10 lines of code improved the mathematics of large models by 20%. The research on 'Yeluzi' was also tested by Google. The main author is all self-taught.
Aug 27, 2024 pm 03:31 PMWith less than 10 lines of code, the mathematical capabilities of large models (GSM8k) can be improved by 20%!
Several independent scholars have proposed improvements to large model sampling, which has attracted the attention of the open source community.
Currently, this method has achieved results on Mistral-7B, and testing on Llama3-70B is also ongoing.
This method is called min-p sampling, which aims to balance the coherence and diversity of the generated text.
Simply put, it allows the model to exert different characteristics in different situations, such as maintaining stable performance on factual issues and being creative in scenarios such as writing.
Currently, this method has achieved results on Mistral-7B, and testing on Llama-70B is about to begin.
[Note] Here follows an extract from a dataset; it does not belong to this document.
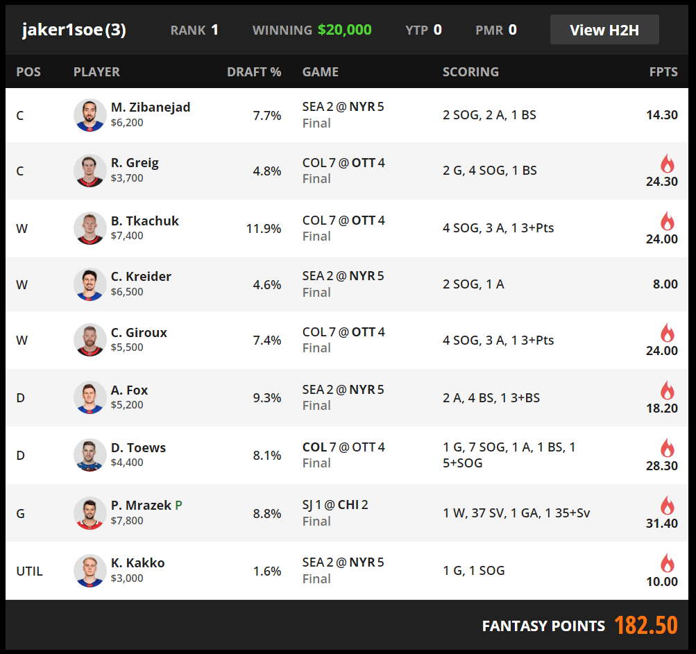 NYR1 taking on a banged up Seattle squad led the way, with Fox providing a separator score on defense and NYR1 doing more than enough (jaker1soe won the contest by 20 points despite the relatively low output from NYR!) when paired with OTT1 + the Devon Toews bring-back to the gamestack. OTT2 was a near-perfect stack, the only flaw being that all three were stuck on 4 SOG. Mrazek in goal was the highest score of the night, and was clearly more than enough to win.

In the paper, the author mentioned that this method has been widely used by the open source community.
At the same time, the author also revealed that closed source model manufacturers such as Anthropic and Google have also tested or are testing min-p.
The news has also been confirmed by Google. Logan Kilpatrick, the developer community leader who switched from OpenAI to Google, has replied "On it".
Abram Jackson, a researcher at Microsoft Copilot, said after reading it that this is the first improvement he has seen regarding token sampling in the inference process, and there is still a lot of room for improvement in the future.
It is worth mentioning that the main author of this widely watched study, Minh Nhat Nguyen, has never systematically learned CS at all, but is self-taught.
With the help of an AI security research organization called Apart Research, Minh and other members of the team completed the project.
Dynamic adjustment of the sampling threshold
min-p is a dynamic truncation sampling method, the core of which is to scale the minimum probability threshold according to the maximum probability of the token distribution at each step.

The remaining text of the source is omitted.